Глядя в ее глаза — ожидающие и настороженные, Михеев все же не решился спросить напрямую, как советовал Петров, а поинтересовался наводяще:
— Вам очень трудно… с нашим братом чекистом?
У Юлии Викторовны шевельнулись губы и застыли трубочкой, будто она удерживала в них леденец.
— Трудно ли? — повторила она, задумавшись. — Неучтиво отвечать вопросом на вопрос. Но мне хочется прежде узнать, спрашивали ли вы об этом свою жену?
Михеев поправил прядь волос, охотно выпалив:
— Неоднократно.
— И что же она говорила?
— Она отвечала так: «Не труднее, чем вам — нашим мужьям». И еще вот так: «Жены военных должны быть самоотверженными женщинами, особенно жены моряков, летчиков, чекистов… Как может быть одной семейной половине легко, когда другой — трудно! Надо уметь поровну делить трудности, чтобы обоим становилось легче».
— Ах вот вы с чем пришли, — стрельнула догадливым взглядом женщина. — Петров, значит, нажаловался. Представляю, такой солидный бугай — и с обиженным видом!..
— Иронизировать не надо, Юлия Викторовна, — серьезно сказал Михеев. — Все было совсем иначе.

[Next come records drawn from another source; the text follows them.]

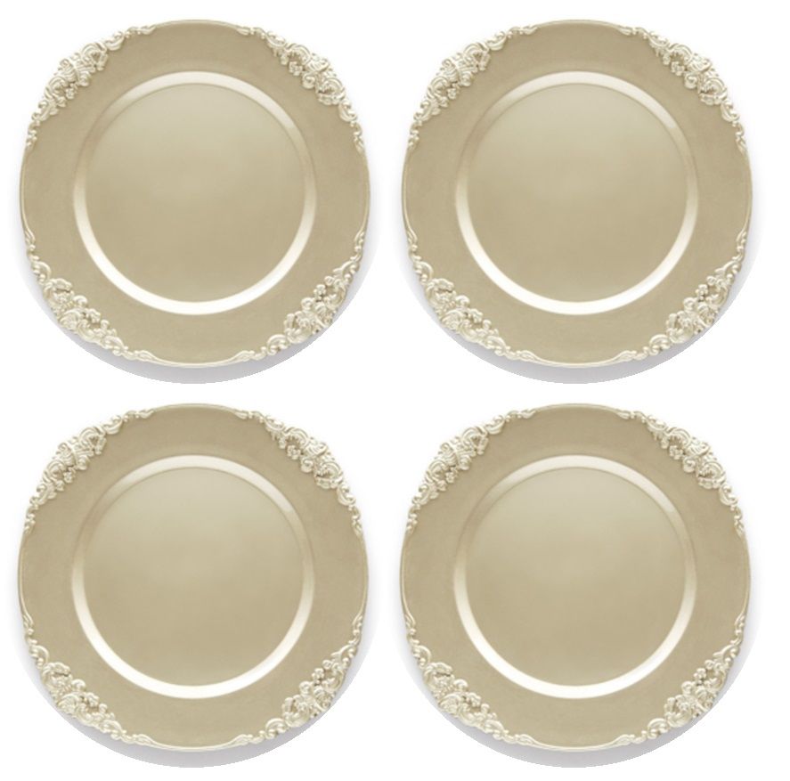 Conteúdo da embalagem: 04 unidades Jogo Sousplat Vitoriano Champagne 33cm 4 Peças - Mimo Style
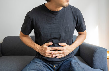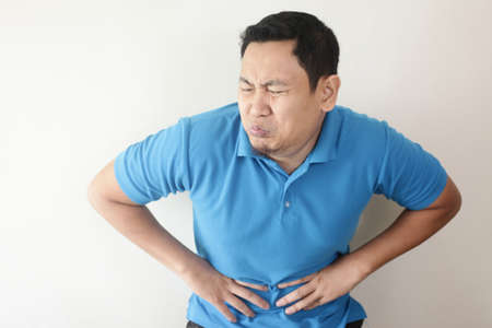 Man suffering from stomach ache or indigestion. Healthcare concept.
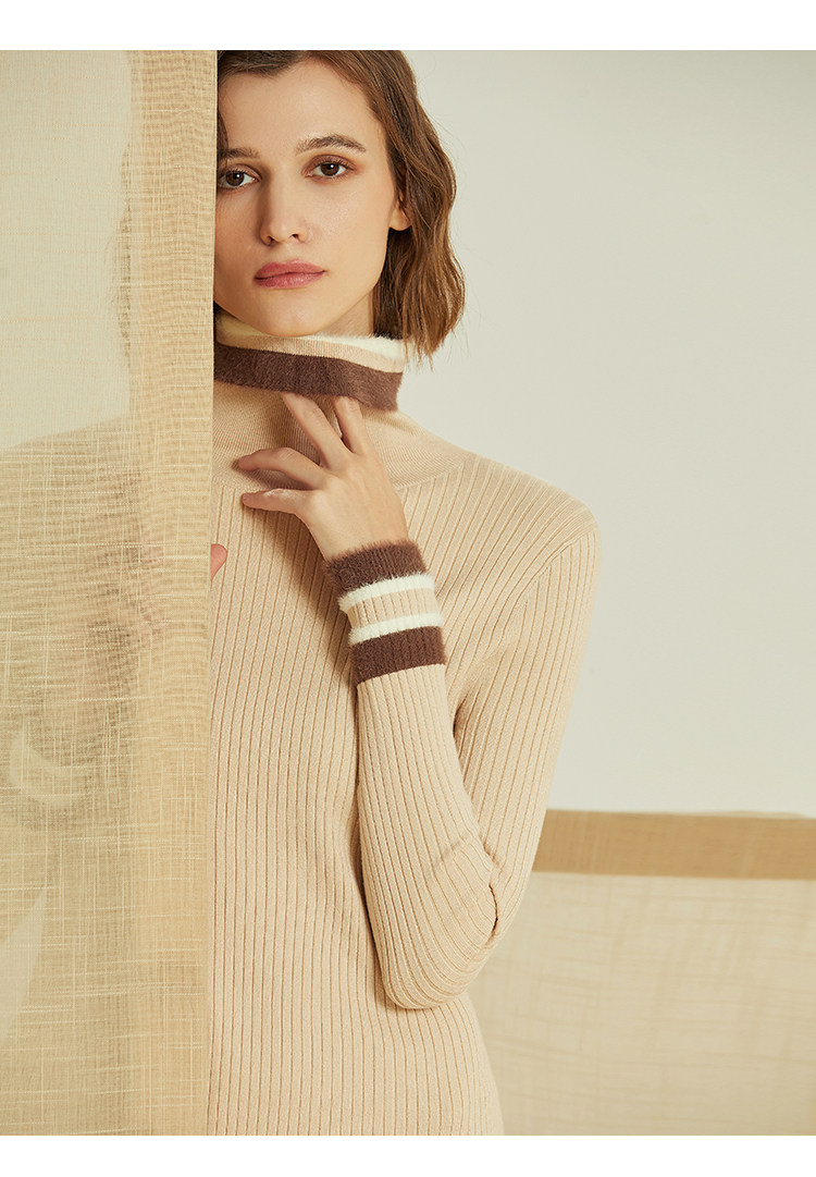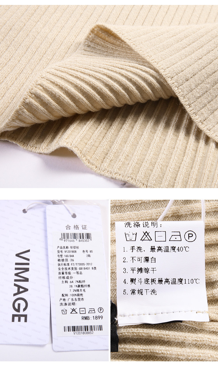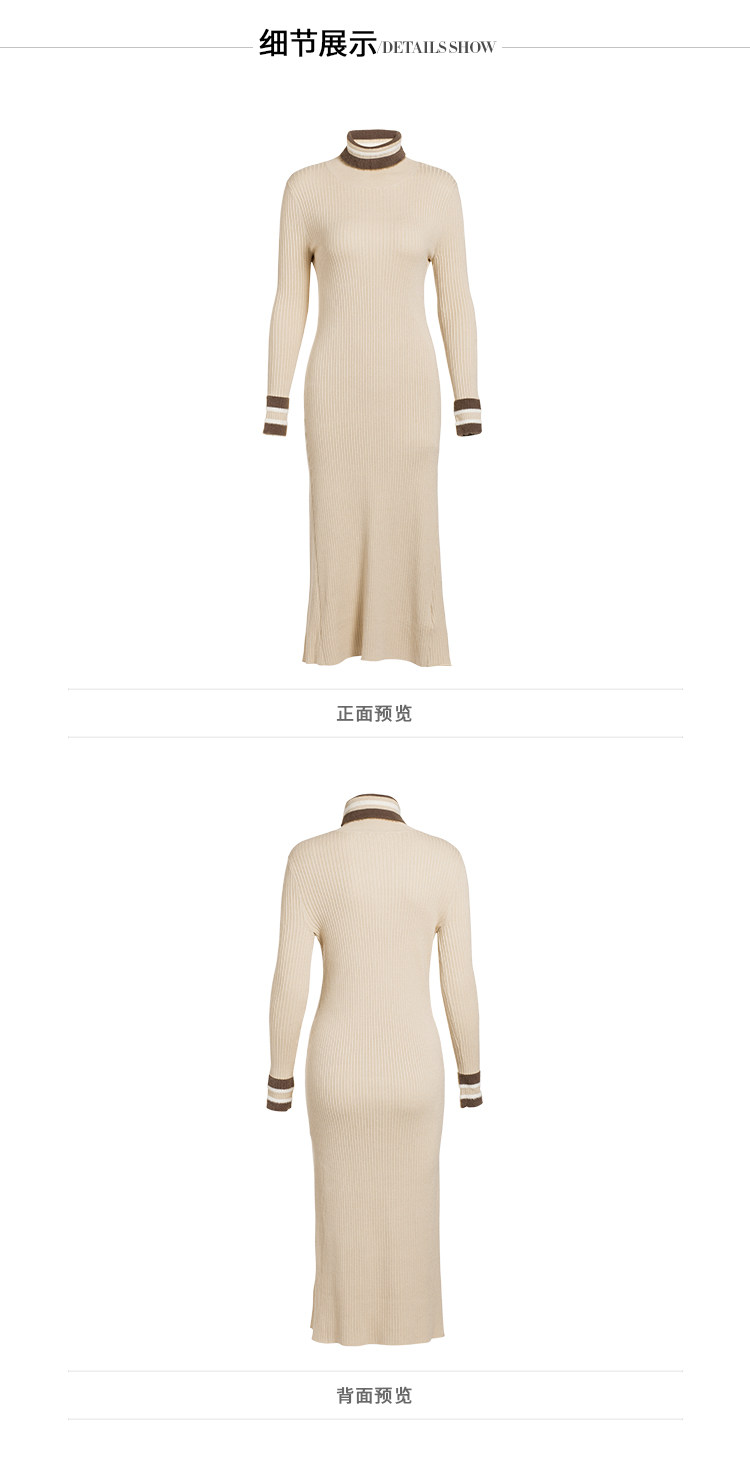 VIMAGE纬漫纪春款时尚通勤修身显瘦高领针织连衣裙女长款V1201808

Я сам навязался к Леониду Владимировичу с расспросами. Скажу больше, искал для этого удобный случай. Возможно, к кому-нибудь другому я бы домой вот так не поехал. Ваш же муж толковый, жизнерадостный человек, к нему хмурость вовсе не идет… Я не хочу сказать, что у нас водятся бестолковые работники. Но Петров выделяется среди других… Но не об этом сейчас речь. Сник он за последнее время, вижу, тоска его гложет. Нам, начальникам, Юлия Викторовна, положено быть психологами, и мы должны знать, что на душе у того или иного подчиненного.

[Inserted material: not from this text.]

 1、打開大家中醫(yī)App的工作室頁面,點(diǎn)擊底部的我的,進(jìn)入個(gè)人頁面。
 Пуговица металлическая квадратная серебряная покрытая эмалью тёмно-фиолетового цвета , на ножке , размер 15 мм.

— А что у нас на душе, вы, мужья-психологи, часто распознаете? — не спрашивала, а упрекала она. — На это у вас времени не хватает. Жена должна все понимать, сочувствовать, лелеять мужа, отдавать всю себя, если хотите. А что же ей взамен, равной половине? Вдовье одиночество при живом муже… Мы вот в санаторий приехали. Леонид, как положено, к врачу пошел, а тот ему: «Вы отоспитесь сначала денька три, потом приходите, посмотрим, что вам назначить». Я его бодрым-то за едой только и вижу. Говорю ему, поставил бы там у себя койку, чего тащиться домой спать… Дочка, когда была жива, только и слышала от меня: «Тише, папа спит, ему на работу…» Она у нас слово «тише» узнала раньше, чем «гулять» и «играть», — дрогнул голос Юлии Викторовны, она замолчала, скорбно поджав губы.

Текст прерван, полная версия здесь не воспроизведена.